Fossil Dress Codes

by Dr. Alexandra Moore, Senior Research Associate

March 22, 2022

Try this: Fire up your favorite search engine and type in “women arrested for wearing pants.” The results go on for pages; some pieces are authoritative, others lean more toward click-bait. But the underlying fact is that beginning in the 1840s cities and states in the U.S. enacted masquerade laws that prohibited individuals from appearing in public in "dress not belonging to his or her sex."

Newspaper clipping with Headline "Trundle Girl in Dresses. Must Wear Clothing of Her Sex for Three Years in Reformatory."

Newspaper article in The Brooklyn Daily Eagle, September 3, 1913.

I grew up a tomboy, always preferring pants to dresses; in fact I still do. I couldn’t imagine doing all the things I loved – including fossil hunting with my Dad – if I was wearing a dress. Early women pioneers in the fields of geology and paleontology preceded me in this regard. It is easy to find photographs of paleontologist Annie Alexander (1867-1950) wearing knickerbockers, in fact, the opening photo on Annie’s Wikipedia page is an example. And one of my favorite photographs of all time is bloomer-clad geologist Zonia Baber (1862-1956) in the field collecting fossils in 1895. For me, Baber’s emphasis on teaching in the field qualifies her as a rock star in the literal sense of the word.

Photograph of Sonia Baber collecting fossils in Illinois in 1895.

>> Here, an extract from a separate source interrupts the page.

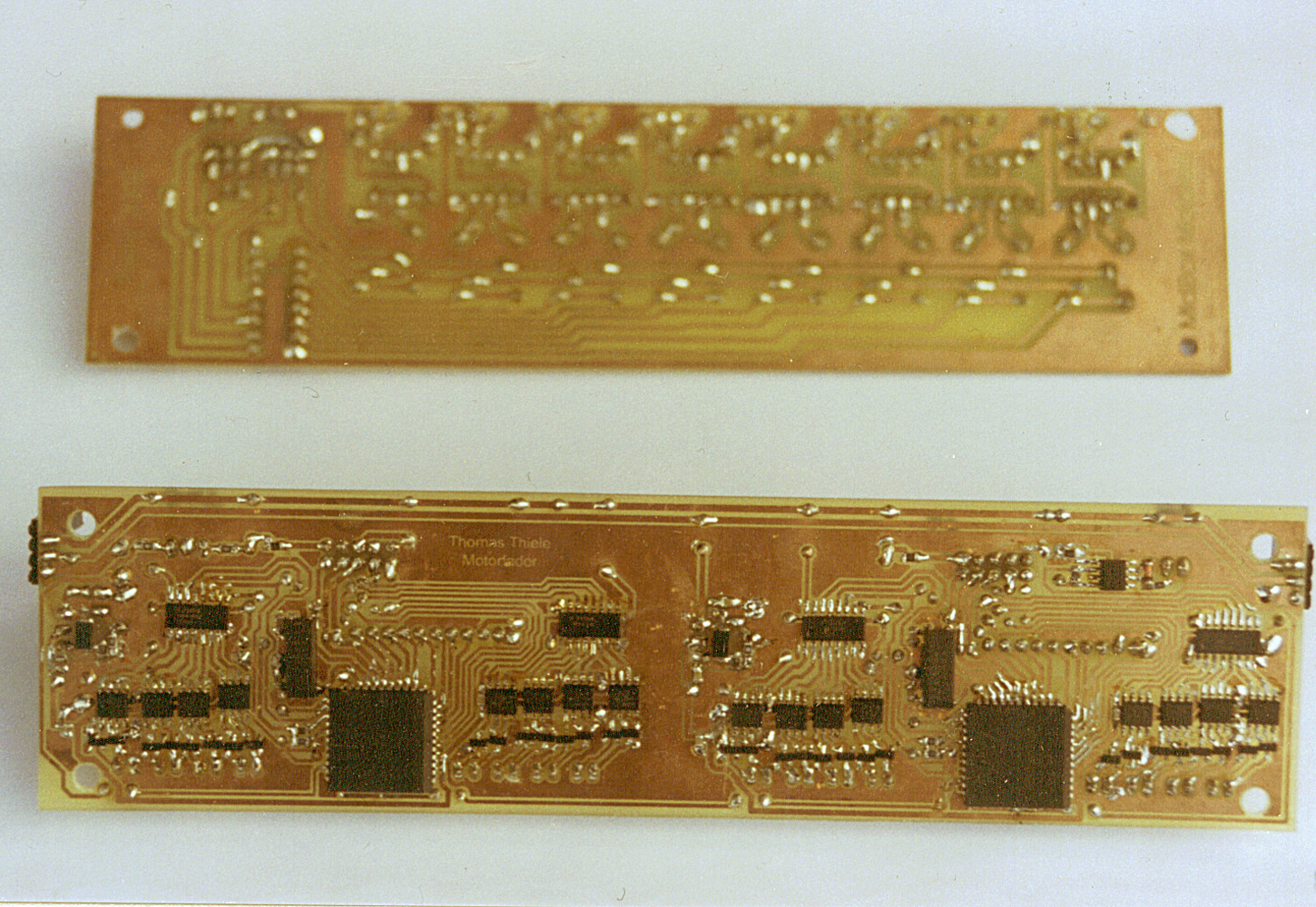 Die Layouts für die Motorfadermodule wurden mit Eagle Free (Größe 100mm x 50mm) erstellt und dann im Graphikprogramm zur entgültigen Größe von 200mm x 50mm zusammengebaut. Damit entsprechen jeweil zwei neue Motorfadermodule zusammen auf einer Platine genau der Größe eines alten Motorfadermoduls.

Zonia Baber collecting fossils in 1895 at Mazon Creek, Illinois. Credit: University of Chicago Photographic Archive, [apf1-00303], Hanna Holborn Gray Special Collections Research Center, University of Chicago Library.

Anthropologists trace the origin of pants to Scythian nomads who crafted them for horseback riding 3000 years ago. Excavations of burials show that both men and women wore them. How did we go from horsewomen in trousers to masquerade laws? And where do early American women scientists fit in?

The U.S. legal system came to this continent from England, arriving with the early colonists and codified in the U.S. Constitution. Enforcing dress codes through law is one way of identifying and maintaining social classes, cultural identities, power structures and gender roles. In the mid-19th century women began to push back against the laws and social customs that defined their roles. The most widely recognized of these are the suffragists who met in 1848 at the first Women’s Rights Convention in Seneca Falls, NY. These women were among the first to adopt bloomers – baggy, knee-length pants with a short overskirt – as a more comfortable and practical style of dress. The look was popularized by Amelia Bloomer in her feminist newsletter, The Lily.

Women who wished to pursue careers or avocations outside of those deemed ”suitable” at the time, and particularly in disciplines like geology and paleontology for which fieldwork was an important first step, also adopted bloomers and pants as appropriate garb. New York State Paleontologist Winifred Goldring (1888-1971) made her own clothes for working in the field.

Photograph of Winifred Goldring at Mt. Rainer in 1928.

Winifred in field gear at Mount Rainier National Park in Washington, July 1928. Source: New York State Museum.

Most modern women are familiar with the uncomfortable and unflattering fit of men’s pants, and Winfred did not have access to off-the-rack women’s outdoor gear. I am curious as to whether Winifred thought about being a lawbreaker when she wore pants in the field. Although, as an upper middle class white woman working for the state of New York she probably wasn’t running much risk of arrest. And in other photos and biographies she seems to have followed our suffragist predecessors in pushing boundaries, or perhaps she was a “disturber,” like Elizabeth Trondle, in that we see her riding in a motorcycle sidecar, and read of her activism on behalf of equal pay for women.

The masquerade laws that appeared in the mid-1800s have remained stubbornly persistent in state and local legal codes, as they target both women and men who dress outside of gender norms. For example several New Jersey townships struck down an array of these statutes as recently as 2010-2015.

Photograph of a girl wearing pants while climbing a tree in 1968.

The author, a lawbreaker in 1968.

Most of us who grew up in the 1960s, 70s and beyond don’t think much about wearing pants, even with dusty masquerade laws still on the books. Annie, Zonia and Winifred are all remembered for both their scientific contributions and for breaking the trail for women whose passion is to immerse ourselves in the natural world and understand its beauty and complexity. Cornell science historian Margaret Rossiter wrote, ““As scientists they were atypical women; as women they were unusual scientists.” And not least, these atypical women are remembered for their unusual dress.